Filtering in foreachBatch is more efficient than running three separate streams with source-side filters. Spark evaluates the filter predicates against the cached DataFrame without re-reading from Kafka.

“Write a Python foreachBatch that writes to four Delta tables in parallel.”

from concurrent.futures import ThreadPoolExecutor, as_completed
def parallel_write(batch_df, batch_id):
batch_df.cache()
def write_table(table_name, filter_expr=None):
df = batch_df.filter(filter_expr) if filter_expr else batch_df
df.write.format("delta").mode("append") \
.option("txnVersion", batch_id) \
.option("txnAppId", f"parallel_{table_name}") \
.saveAsTable(table_name)
tables = [
("bronze.all_events", None),
("silver.errors", col("level") == "ERROR"),
("silver.warnings", col("level") == "WARN"),
("gold.metrics", col("type") == "metric"),
]
with ThreadPoolExecutor(max_workers=4) as executor:
futures = {executor.submit(write_table, t, f): t for t, f in tables}
errors = []
for future in as_completed(futures):
try:
future.result()
except Exception as e:
errors.append((futures[future], str(e)))
batch_df.unpersist()
if errors:
raise Exception(f"Write failures: {errors}")

Sequential writes to four tables mean the microbatch takes four times as long as a single write. Parallel writes cut that to roughly the duration of the slowest sink. Keep max_workers at 4 or fewer — more threads create resource contention that slows everything down.

“Write a Python foreachBatch that validates records and routes invalid ones to a DLQ table.”

from pyspark.sql.functions import lit
def write_with_dlq(batch_df, batch_id):
valid = batch_df.filter(col("required_field").isNotNull())
invalid = batch_df.filter(col("required_field").isNull())
if valid.count() > 0:
valid.write.format("delta").mode("append") \
.option("txnVersion", batch_id) \
.option("txnAppId", "multi_sink_valid") \
.saveAsTable("silver.valid_events")
if invalid.count() > 0:
(invalid
.withColumn("_error_reason", lit("missing_required_field"))
.withColumn("_batch_id", lit(batch_id))
.write.format("delta").mode("append")
.saveAsTable("errors.dead_letter_queue"))

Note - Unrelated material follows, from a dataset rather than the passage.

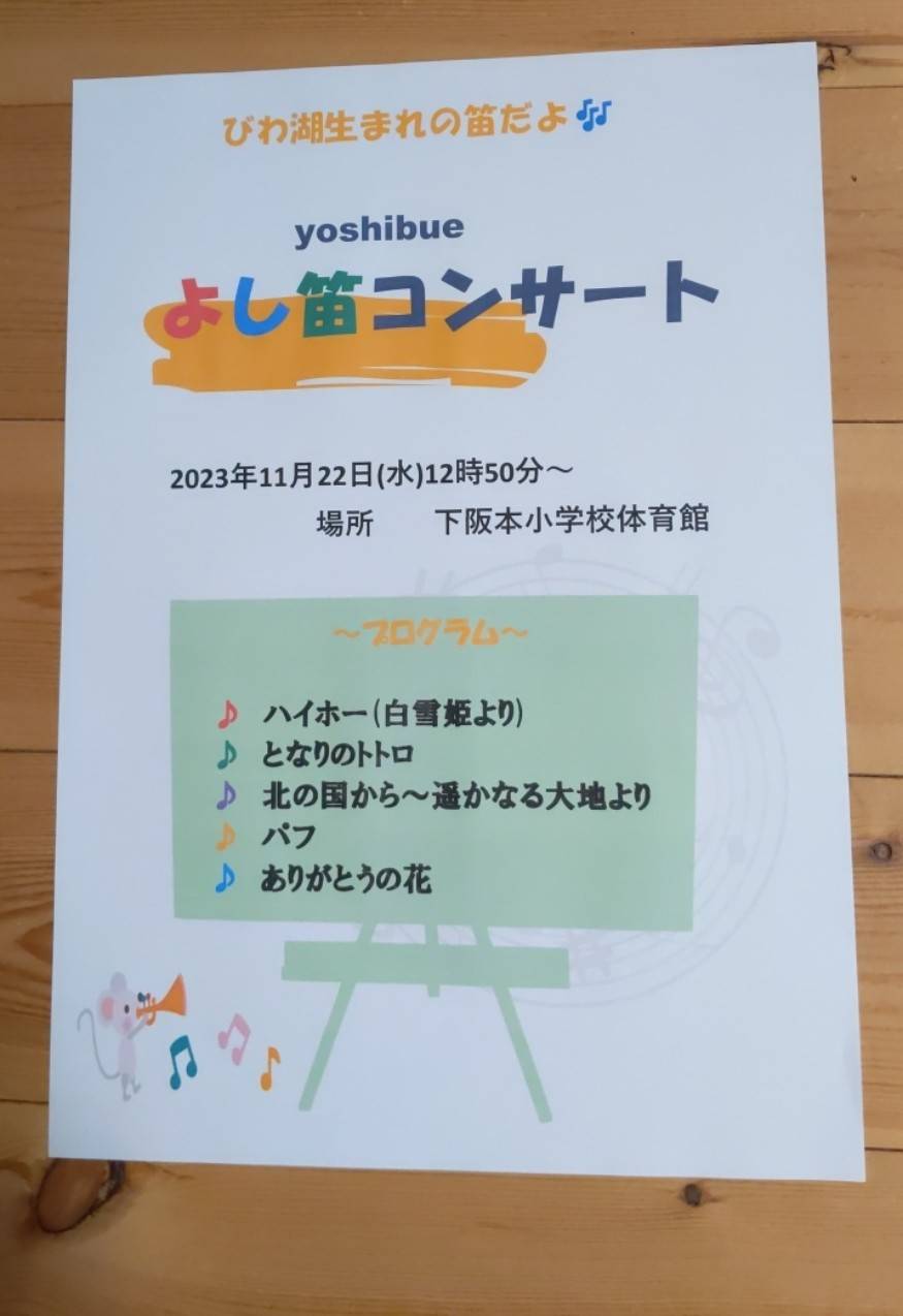 本日、下阪本小学校で昼休みの時間を活用して、出前ヨシ笛コンサートが行われました。残念ながら、わたしは仕事で参加することができませんでしたが、昼休み中にもかかわらず、たくさんの子どもが聞きに来てくれました。5曲の演奏と琵琶湖のこと、ヨシのことのお話もしていただきました。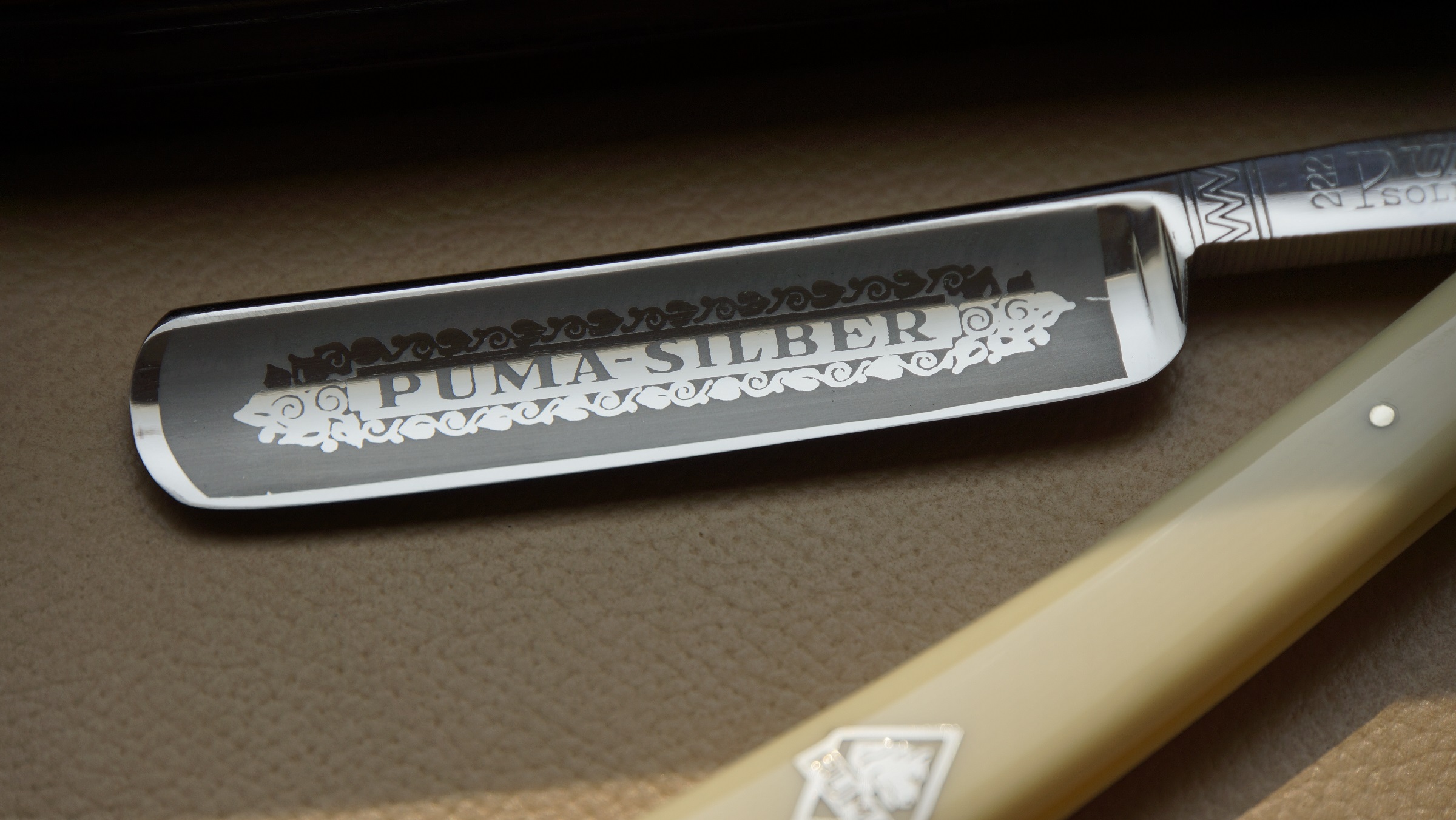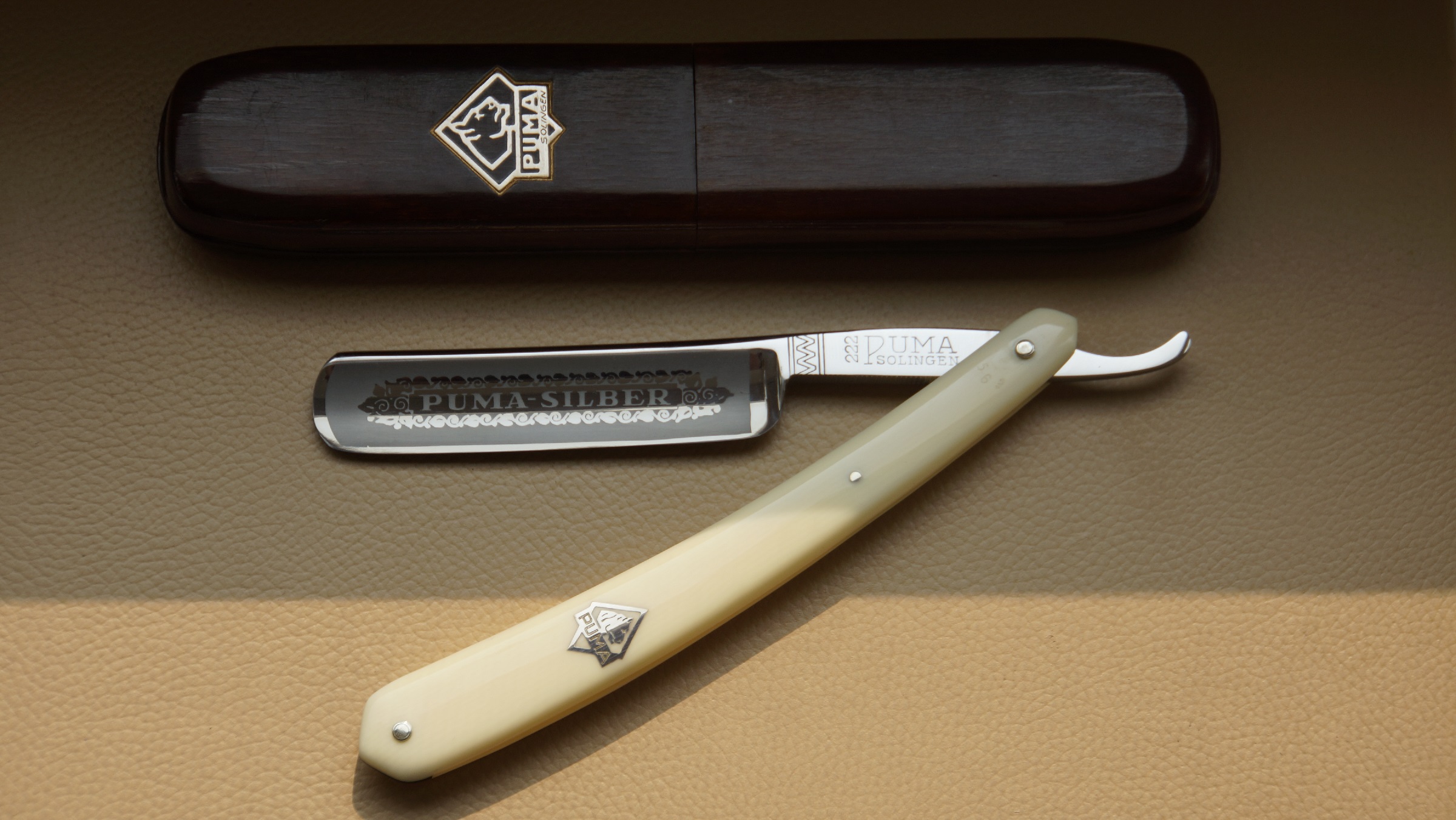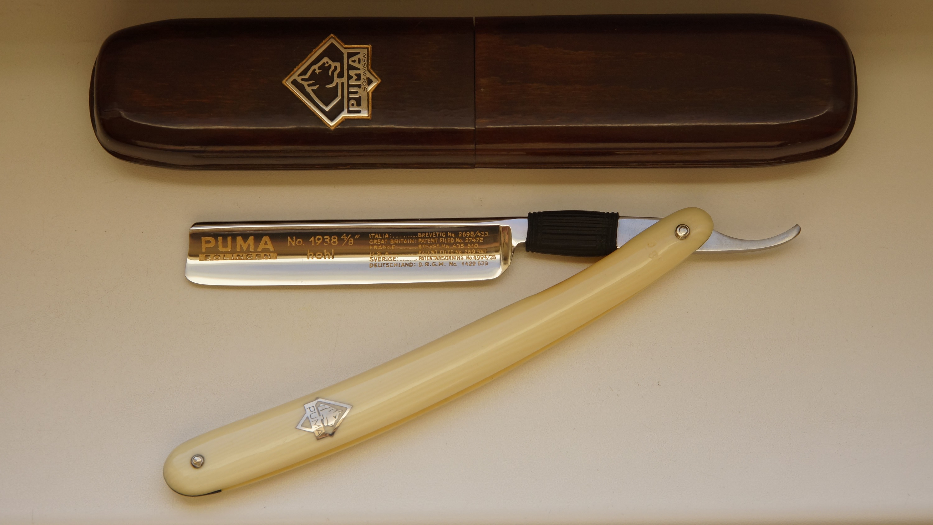 Производитель: Lauterjung & Sohn, Puma-Stahlwaren Германия, г. Золинген Ручка из целлулоида, с металлическим логотипом. Состояние на фото. Бритва заточена и готова к бритью. В комплекте также родной футляр. ПРОДАНО 10) Puma No. 1938, 5/8 Show

Stamp DLQ records with the error reason and batch ID. This gives you enough context to replay or investigate without going back to the source.

  • Slow writes from sequential processing — if your foreachBatch writes to three or more tables sequentially, switch to ThreadPoolExecutor. The batch duration should be comfortably under your trigger interval.
  • Recomputing the batch for each sink — every .write action re-evaluates the DataFrame lineage. Cache at the top of foreachBatch and unpersist at the bottom. Forgetting to cache is the single most common performance issue in multi-sink writes.
  • Partial failures leave data inconsistent — if the second of three writes fails, Spark retries the entire batch. Use txnVersion/txnAppId on every write so successful sinks skip the duplicate and only the failed sink retries.
  • Expensive aggregations inside foreachBatch — groupBy/agg operations in the batch function block the entire microbatch. Move heavy aggregations to the stream definition if possible, or accept the latency cost.